With a little bit of delay, another classic puzzle today.
Four prisoners are lined up in a row. A wall separates the last prisoner from the first three, so that the fourth prisoner cannot see the others, and the first three prisoners can only see forward. The prisoners know that each of them is wearing either a black or white hat, and that there are two hats of each color.
The prisoners can only make one guess about the color of their own hats. If they guess correctly, they will all go free. If anyone guesses wrong, they will all remain in prison.
Starting from the back, each prisoner in turn (from fourth to first) is asked if they know the color of their hat. Only one of them says, "Yes." Which prisoner speaks, and what color is their hat?
Previous iteration: #756004 (several correct answers in the thread)
I remember this one from a while ago.
Two speaks and declares he’s wearing the opposite of what he sees in front?
Prisoner 2 speaks, because he knows his hat is the opposite color of Prisoner 1's hat?
You're either incredibly early or incredibly late. Either way I'm too exhausted to think, or really read so my guess is yellow.
I'm a bit confused.
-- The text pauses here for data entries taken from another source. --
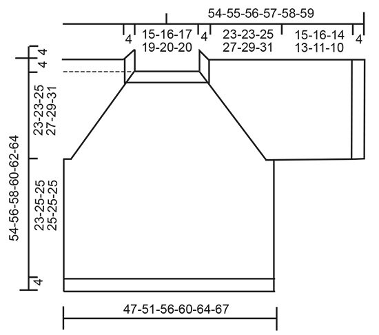Провяжите как раньше первые 47-51-56-59-63-66 п. (= спинка), следующие 41-45-47-53-57-57 п. снять на петледержатель (= рукав), набрать на спице 5-5-5-7-7-7 новых п. (= сбоку под рукавом), провяжите следующие 47-51-57-59-63-67 п. (= передняя часть), снять следующие 41 п. -45-47-53-57-57 п на держателе петель (= рукав), набрать 5-5-5-7-7-7 новых п на спицу (= сбоку под рукавом). В размерах M и XXL вяжите последнюю петлю по кругу (т.е. эти петли относятся к спинке = 47-51-57-59-63-67 пет спинки). Обрежьте пряжу.
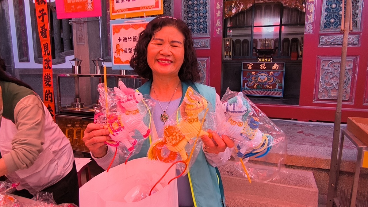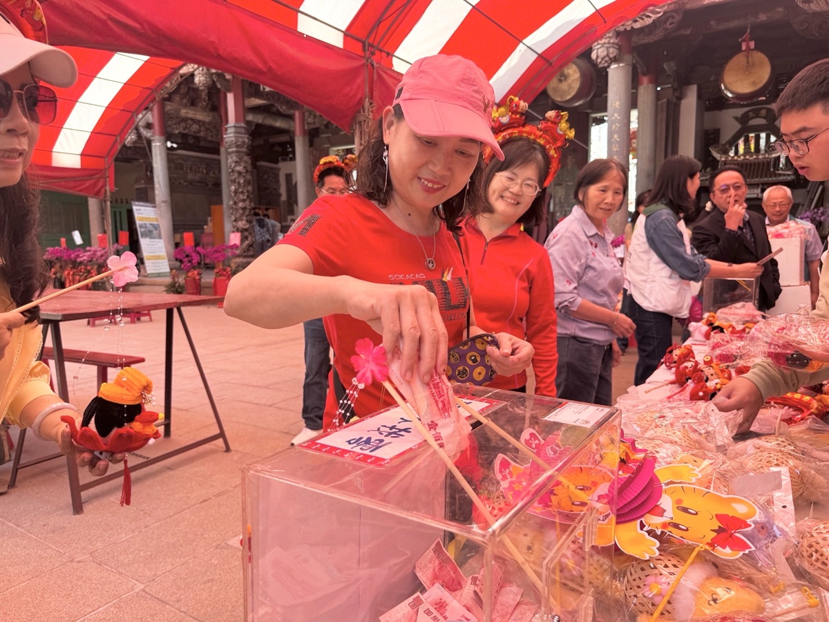 ▲民眾在廟前認購燈籠,不僅參與文化傳承,也將愛心化作實際行動,支持弱勢兒少安心上學。(圖/記者蕭麗鳳攝)
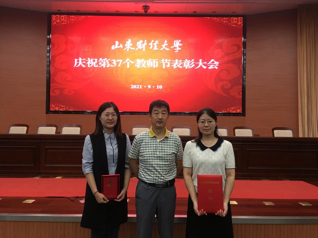 在本次表彰中,我院荣获“山东财经大学2021年师德师风先进集体”,并有五位老师荣获七项表彰。其中,徐莹荣获“山东财经大学2021年师德师风先进个人”称号及“2020年山东省高等教学名师”称号;滕淑娜荣获“山东财经大学2021年度优秀教师”称号及“山东省第三十四届社会科学优秀成果奖三等奖”;在首届全省学校思想政治理论课教学比赛中,王静荣获特等奖(本科“原理组”),范子谦荣获二等奖(本科“纲要组”),王真真荣获二等奖(本科“概论”组)。
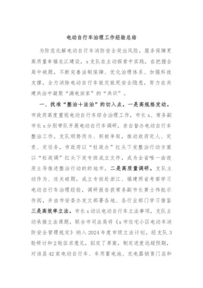 / 【七哥公文】2024年:电动自行车治理工作经验总结+更多免费公文+VX:QiGeGongWen2024
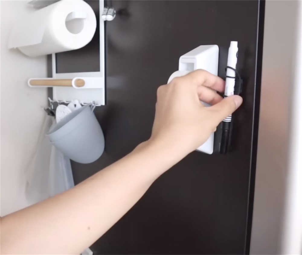 此外,还可以用它绑上水笔,吸附在冰箱上或留言板上,可以当作一个家庭备忘录的收纳伴侣,想想也挺好用。
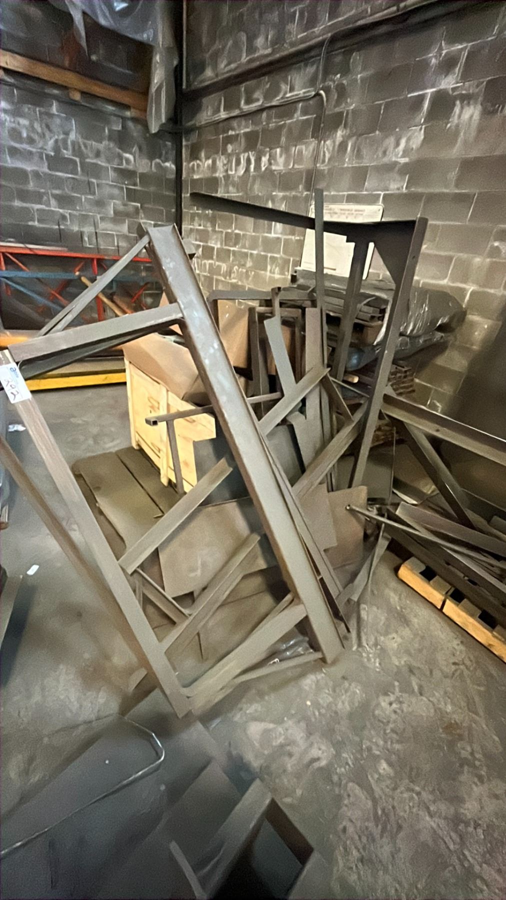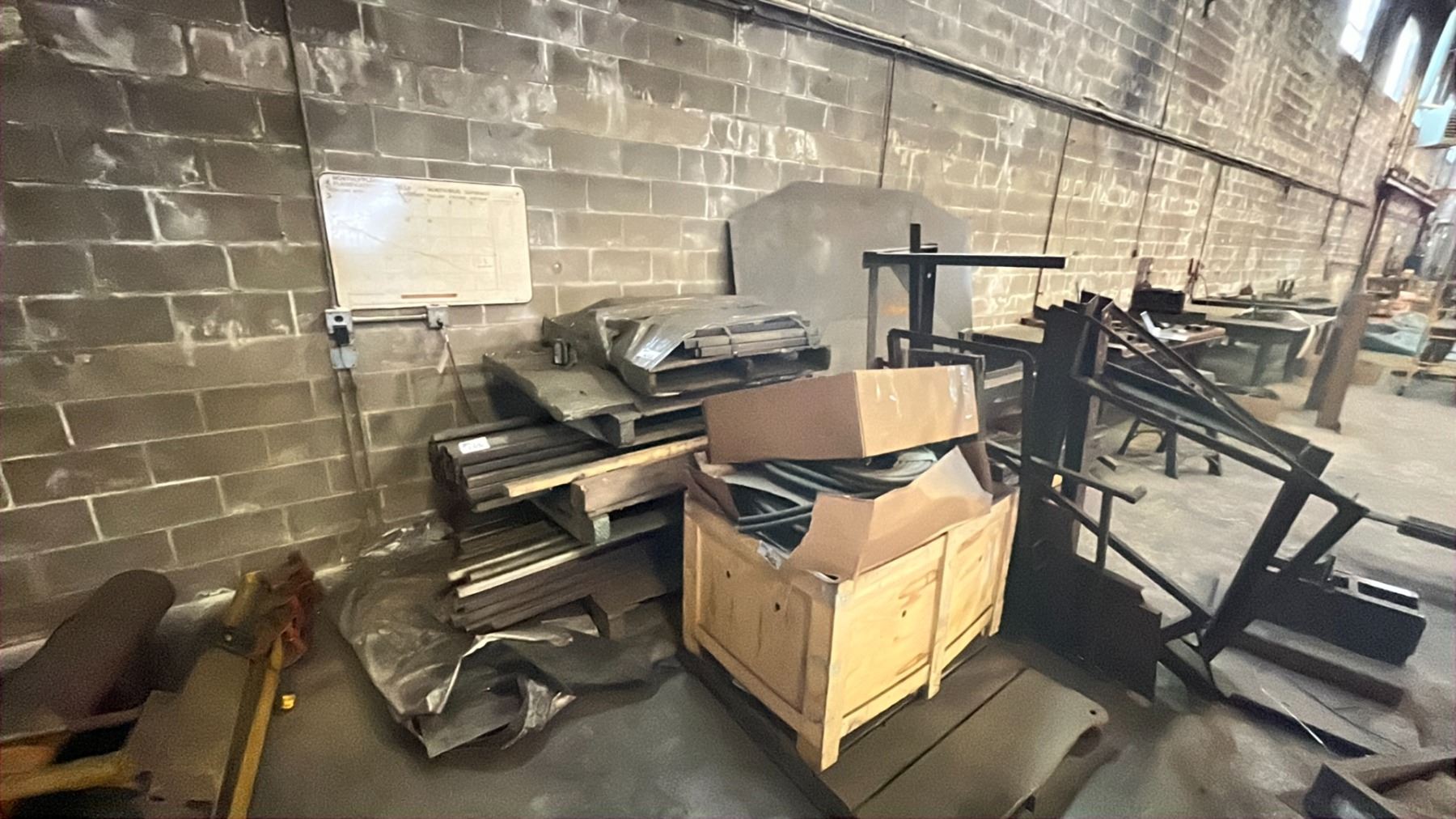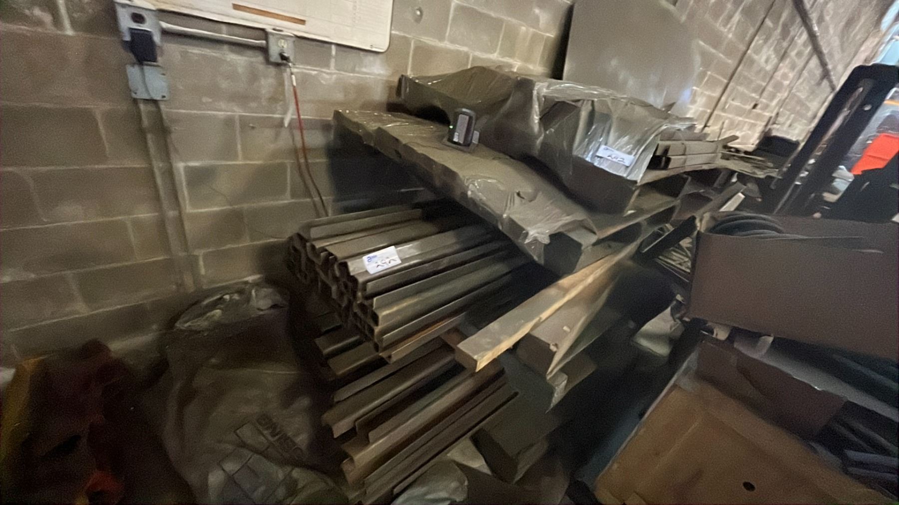 LARGE GROUP OF METAL MATERIAL PARTS AND SOME SCRAP ASSORTED SIZES LENGTHS AND DIMENSIONS 3 PALLETS OF GOOD VARIOUS SIZE MATERIAL TUBING AND FLAT BAR, WOODEN CRATE OF SCRAP STEEL AND THREE BOX'S OF RUBBER FOAM INSULATION AND MISC CUTS OF METAL SHEETING
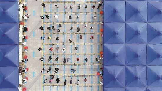 昨日,东莞多个镇街开展新一轮大规模核酸检测 羊城晚报记者 余宝珠 通讯员 清溪宣 摄
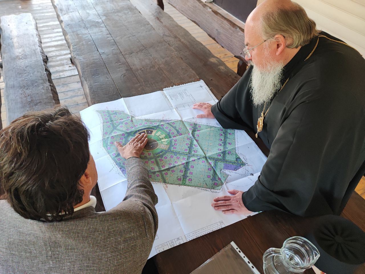 25 сентября в Козельском епархиальном управлении состоялась встреча епископа Козельского и Людиновского Никиты и руководителя проекта сельского поселения Спасово близ мужского монастыря Спаса Нерукотворного пустынь Вадимом Юрьевичем Моховым. На встрече обсуждались вопросы дальнейшего развития поселения и строительство в нем  православного храма.
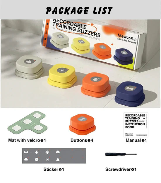 Presenting our revolutionary Talking Buttons with Mat for Dogs and Cats – an exceptional communication aid designed to strengthen the connection between you and your four-legged companion. Enable your pet to communicate effortlessly by recording messages or commands on these buttons. The premium Velcro ensures secure placement, preventing any slipping on floors or mats.
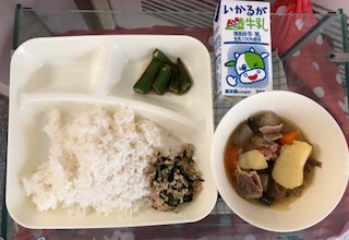 豚肉とじゃがいもの煮もの、オクラの梅風味、ツナっ葉いため、米飯、牛乳

Is my descripction below accurate?
Prisoner 4 cannot see anyone
Prisoner 3 can see prisoners 2 and 1
Prisoner 2 can see Prisoner 1
Prisoner 1 cannot see anyone
The order in which they are asked is: 4, 3, 2, 1
Yes, this description is accurate.
Logic:
Nice puzzle, let me think on it.
Of course, they can’t take there hats off and look, right? :)
Nope, they can't.
Well, you are a sovereign individual, who am I to say if the prisoners are allowed to take off their hats in your imagination?~~
Lovin’ it!! My imagination rules!!